Supremely talented Chicago MC Noname first announced herself to the world two years ago on Chance The Rapper's Acid Rap. On Telefone, she's finally stepping out on her own with one of the strongest statements on womanhood, life in the hood, and life in general that we've heard in recent memory. Marcus K, Dowling and Briana Younger join us to discuss this monumental mix-tape that was well worth the wait.
PLUS! Singer/songwriter Esmé Patterson's critically acclaimed LP We Were Wild, is as perfect a slice of pop-rock that you're going to find in 2016. We've got a new track to help get you acquainted.
Episode 186: Chance The Rapper - Coloring Book
Chance The Rapper, one of the most exciting hip-hop artists of the 21st century, recently dropped his long awaited third mixtape, Coloring Book.
For possibly unrelated reasons, we assembled a KILLER panel that included music journalists extraordinaire Briana Younger and Marcus J. Moore, PLUS DC music powerhouse Jamal Gray (Nag Champa).
With that much firepower in the room we should probably talk about something right?

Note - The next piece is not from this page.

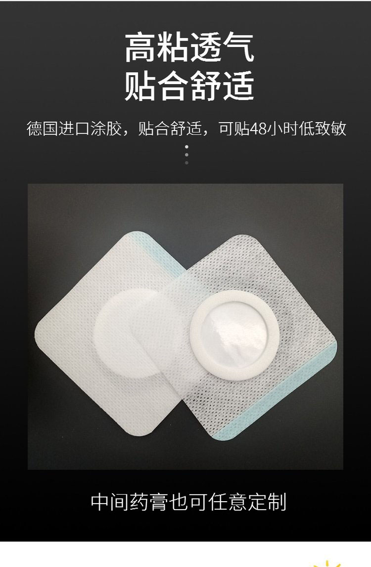 | 補(bǔ)充說明 | 更多 穴位壓力刺激貼(無紡布)/小兒肚臍貼/三伏貼/三九貼 中標(biāo)產(chǎn)品 是 產(chǎn)品用途 本品針對人體特定穴位,對中醫(yī)穴位起刺激作用。 主要成分 本品由遠(yuǎn)紅外陶瓷粉、丙烯酸壓敏膠、水刺無紡布、不銹鋼珠及離型紙制成。 作用機(jī)理 穴位貼敷治療貼的壓敏膠布剝離強(qiáng)度不小于1.0N/cm,持粘性應(yīng)不大于2.5mm,遠(yuǎn)紅外發(fā)射波長范圍8um-15μm,法向比輻射率≥75%。 使用方法 1、清潔相應(yīng)穴位,先以拇指依次揉按相應(yīng)穴位,每穴1~2分鐘,范圍由小到大,力量由輕到重,探尋敏感點(diǎn)。2、確認(rèn)包裝無破損后,打開包裝,取出穴位貼敷治療貼,將貼劑的隔離膜撕去,以鋼珠對準(zhǔn)相應(yīng)穴位敏感點(diǎn)貼壓,1片/穴、天,每日適度按壓3~5次,每次3~5分鐘,1個療程為10天,療程間隔2~3天。 |

OK. Let's talk about Chance.
Episode 118: Donnie Trumpet & The Social Experiment (feat. Chance The Rapper) - Surf
This week on the podcast, we’re back from vacation just in time for Kevin and Paul to team up with the unstoppable Marcus Dowling to talk one of 2015’s most anticipated releases, Donnie Trumpet & The Social Experiment’s Surf. The unofficial follow up to Chance The Rapper’s 2013 mixtape Acid Rap, Surf smashes genres, destroys expectations, and elevates the hip hop game in ways that only Chance and his crew could do. Jazz, Hip Hop, Pop, Rock – Surf celebrates an entire history of music, while pulling it gleefully into the future with youthful abandon and surprising sophistication that belies this young crew's years.
PLUS! Record Store Day every week? A Netflix for Vinyl? The details of Spotify’s deal with Sony leaked? A new track off of Louis Weeks’ outstanding new record haha (OUT NOW!!)? We’re talking all of this and more on the podcast you’ve been waiting for all your life, it’s Episode 118 of ChunkyGlasses: The Podcast!